This appeal from a judgment of the Erie County Court involves the constitutionality of an antinoise ordinance enacted by the Council of the village of Kelleys Island. The trial court determined that the ordinance was not unconstitutionally vague or overbroad and therefore did not violate either the United States Constitution or the Ohio Constitution. Additionally, the court apparently rejected the argument that the antinoise ordinance violated Section 3, Article XVIII, Ohio Constitution. For the following reasons, we affirm the judgment of the trial court.
Appellant, Thomas P. Joyce, is the owner of the Caddy Shack, a restaurant and bar located in the village of Kelleys Island. During the summer months, entertainment, in the form of “karaoke” or live bands, is offered to the customers of the Caddy Shack on an outdoor patio on Friday and Saturday nights.

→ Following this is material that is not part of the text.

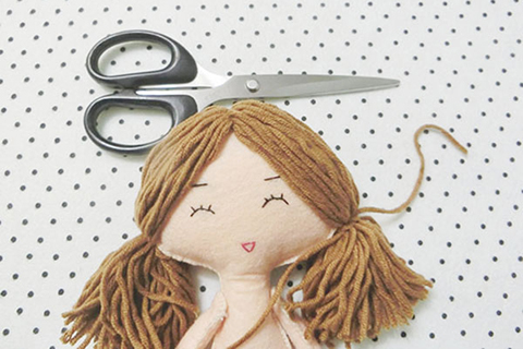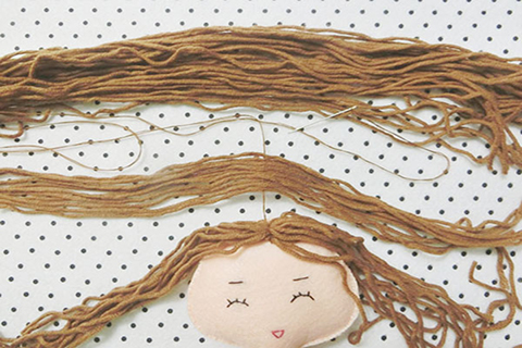 (七)將縫好的頭髮梳理好,用膠水將頭髮與頭部布面黏合及裁剪成合適的長度。

Karaoke is a form of entertainment that allows a customer to sing along with music provided by special equipment.
On July 7, 2000, appellant was cited for a violation of Section 132.13(A)(2) of the Codified Ordinances of the village of Kelleys Island. This was his third criminal citation for an alleged violation of this ordinance within a month. Section 132.13 provides:
“(A) No person shall generate or permit to be generated noise or loud sound which is likely to cause inconvenience or annoyance to persons of ordinary sensibilities by means of a live performance, radio, phonograph, television, tape player, compact disc player, loudspeaker or any other sound amplifying device which is plainly audible at a distance of 150 feet or more from the source of the noise or loud sound.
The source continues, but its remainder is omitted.